Adana’da 2002’den beri faaliyet gösteren hekimevinin ‘zarar ettiği’ iddiasıyla 31 Ağustos tarihi itibariyle kapatılmasının ardından 35 işçi ortada kaldı.

Kamu Hastaneleri Birliği Genel Sekreterliği önünde toplanan işçiler, Sağlık Bakanlığı personeli olduklarının yargı kararıyla tescillendiğini belirterek, “Bayram öncesi, okulların açılacağı zamanda hepimiz dışarı atıldık. İnsanda biraz vicdan, merhamet olur.” dedi.

İşçilerden Şadi Gül, hiçbir sosyal hakları ödenmeden kapı dışarı edildiklerini söyledi. Hekimevinin zarar ettiği gerekçesiyle kapatıldığını kaydeden Gül, “Burası zarar etmiş değil; zarar ettirilmiştir. Çünkü hiç iş alınmamıştır. Bundan dolayı zarar etmiştir. Esas amaçları tesisi kapatmaktır.
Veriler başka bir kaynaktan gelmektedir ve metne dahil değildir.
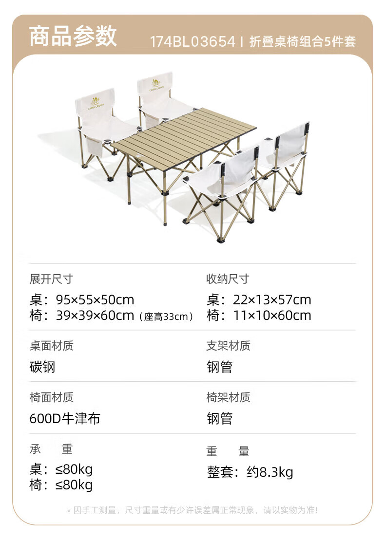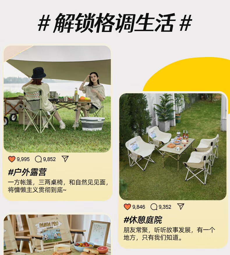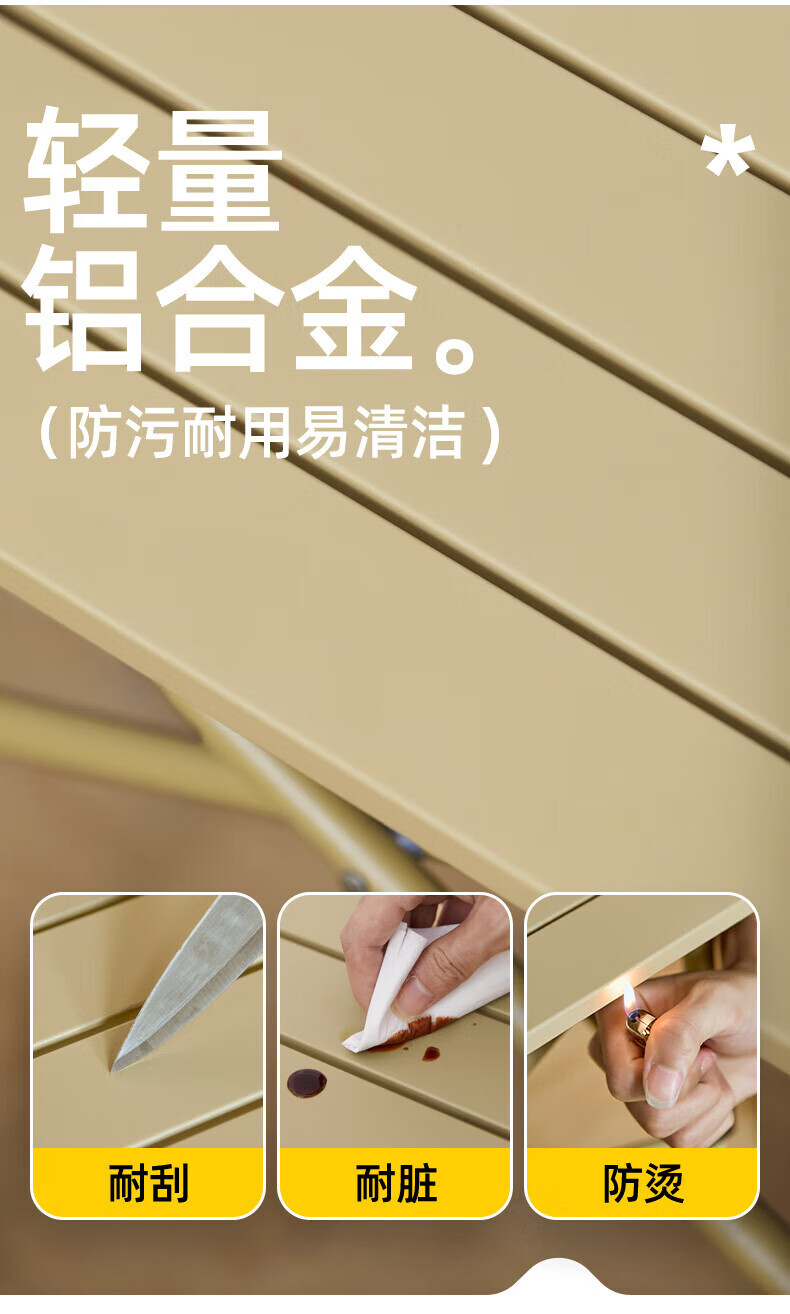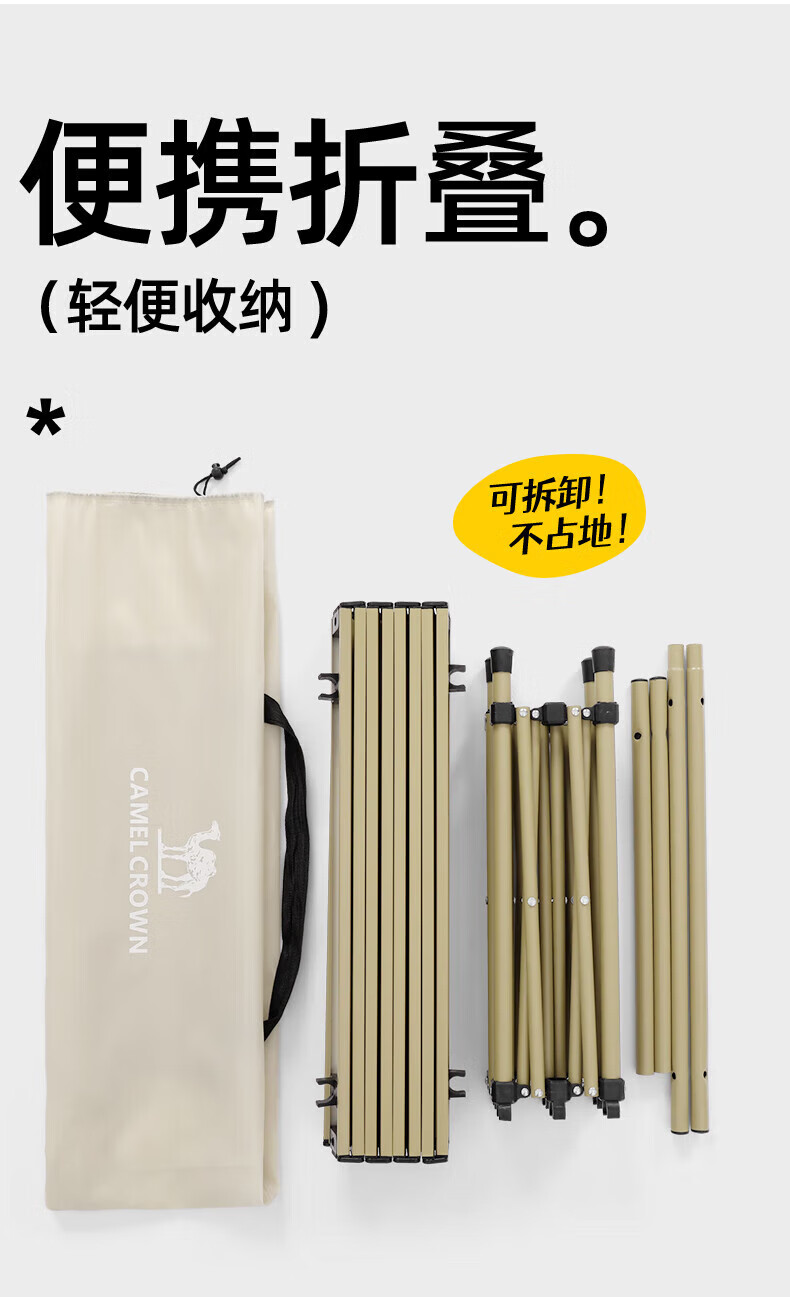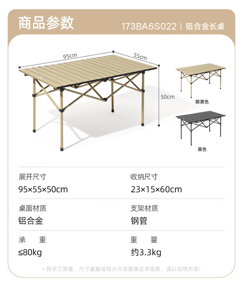 CAMEL户外折叠桌铝合金野餐桌椅桌子露营桌装备蛋卷桌套装 【可爱熊猫铝合金】95CM鹅黄色
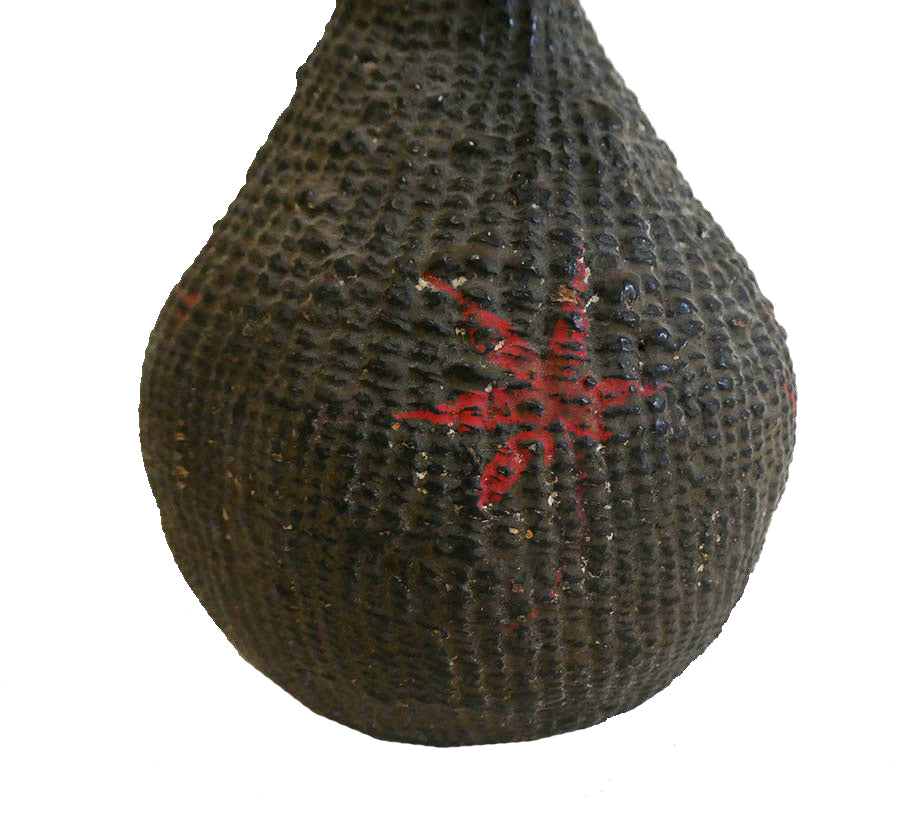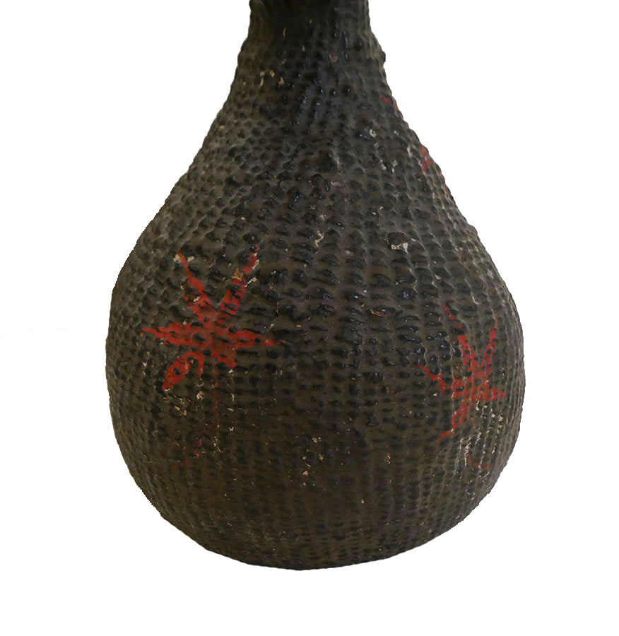 This is a flask that is woven from paper yarns, formed into the shape of a gourd and then lacquered and decorated with red lacquer maple leaves. Its stopper and cord are both missing.

Bizi dışarıya koymaktır.” diye konuştu.

İşe usulsüz bir şekilde alındıklarının iddia edildiğini; ancak Sağlık Bakanlığı’nın elamanı olduklarını Yargıtay’ın kararı ile kanıtladıklarını dile getiren Gül, şöyle devam etti: “Yargıtay kararıyla esas işyerimiz hekimevi değil, Sağlık Bakanlığı personeli olduğumuz kesinleşmiştir. Sokağa bırakıldık. Bize başka bir iş verilmedi. Aylık, mesai, ikramiye ve tazminatlarımız verilmedi. Hakkımızı alıncaya kadar eylemimize devam edeceğiz. Altı yıldan aşağı olmamak üzere 14 yıla kadar çalışan var. Herkes elindeki imkanlarla buranın devam etmesi için çabalamıştır. Hakkımızda hiçbir şikayet yok. Burayı zarar ettirenler hakkında neden soruşturma açılmıyor.”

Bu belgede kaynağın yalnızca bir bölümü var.